Question

Help?

Answer 1

The Ionization constant if HF is 3.2*10^-4.calculate degree of dissociation of HF in its 0.02M solution

(A) Here we use the Formula degree of dissociation = sqrt (ka/c)


(2) The inonization constant of acetic acid is 7.74 *10^-5. Calculate Degree of Dissocaition
in its 0.05M solution

(A) Here we use the formula degree of dissociation = sqrt (ka*c)

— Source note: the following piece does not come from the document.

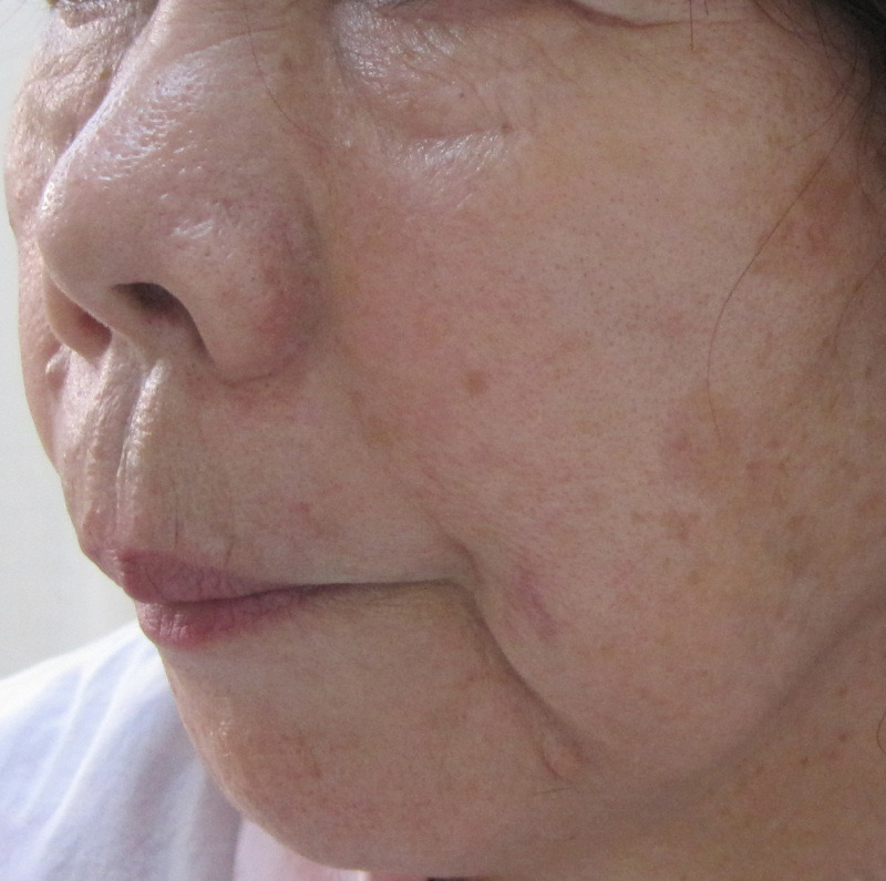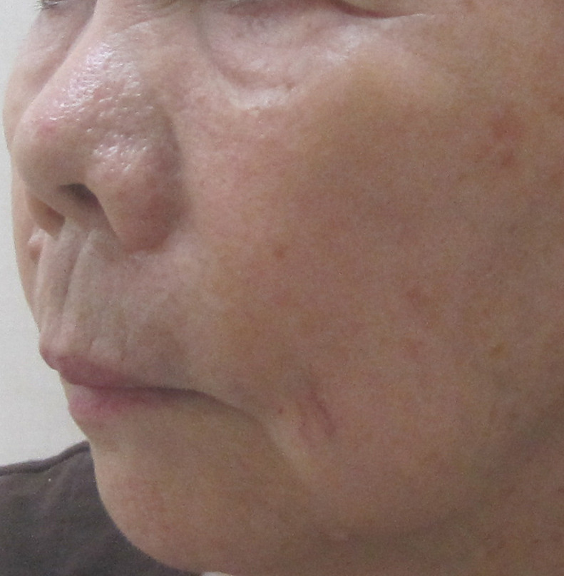 症例写真 最終更新日 2022.01.25 顔のたるみ治療+シミ治療 1年3カ月後の経過 メラフェードによるシミ・くすみ治療後に顔全体のグロースファクターによるたるみ治療を受けられた方です。 治療前・・・メラフェードによるシミ治療をまず受けられました。 シミ・小ジワが改善しています。 次に、顔全体のグロースファクター注入療法を受けられました。 6カ月後・・・シワ・くすみともに改善しています。 1年3カ月後・・・いい状態を維持されています。 1年3カ月後・・・笑っても違和感はありません。 治療前・・・斜めから見た状態です。 1年3カ月後・・・きれいになってますね。 一つ前のページへ戻る≫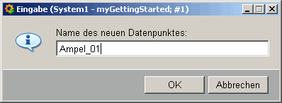 Nachdem Sie alle Parameter am Master-Datenpunkt eingestellt haben, erfolgt das Anlegen eines DPs im Modul PARA. Klicken Sie mit der rechten Maustaste auf den DPT Ampel und wählen Datenpunkt erstellen. Geben Sie den Namen des Datenpunktes (z.B. "Ampel_01") im erscheinenden Dialogfenster an und klicken Sie OK.

How to Find where to use these two equations ?

Answer 2

@electrokid @JFraser @shubhamsrg @Preetha @ghazi

Answer 3

\(K_a\)=ionization const.
\[HF\rightarrow H^++F^-\]
one -to one ratio

Answer 4

in Second case

CH3COOH ---> CH3COO- + H+

Answer 5

so, in 0.01M solution, what is the ionic concentration of \(H^+\)?

Answer 6

ionic concentration of H+ = Degree of Dissocaition

Answer 7

\[K_a={[H^+][F^-]\over[HF]}\]
but \([H^+]=[F^-]\)

Answer 8

u got my question ?

Answer 9

given that \(K_a=3.2\times10^{-4}\) and \([HF]=0.02M\), find \([H^+]\)

Answer 10

do you see the logic?

Answer 11

In Question I

HF --- > H+ + F-

we take Concentration of H+ = F- = c*alpha




In Question 2


CH3COOH ---> CH3COO- + H+

we take Concentration of CH3COO- = H+ = alpha

Answer 12

Why ?....Both the question are Same Type..

Answer 13

yes they all are

Answer 14

but The approach is Different ? Why ?

Answer 15

but information provided in the second one is different
\[K_a=\frac{\text{product of conc. of products}}{\text{product of conc. of reactants}}\]

Answer 16

ooh i see

Answer 17

yes..
you see, HF is a strong acid.. so \(K_a\) is for the forward reaction

Answer 18

on the other hand,
CH3COOH is a weak acid, so, \(K_a\) represents the bacward reaction
\[CH_3COOH\leftarrow CH3COO^-+H^+\]
so, what are your reactants and what your products/?

Answer 19

\[K_a=\frac{[CH_3COOH]}{[CH_3COO^-][H^+]}\]

Answer 20

That Make Sense/......THXxxxx

Answer 21

yep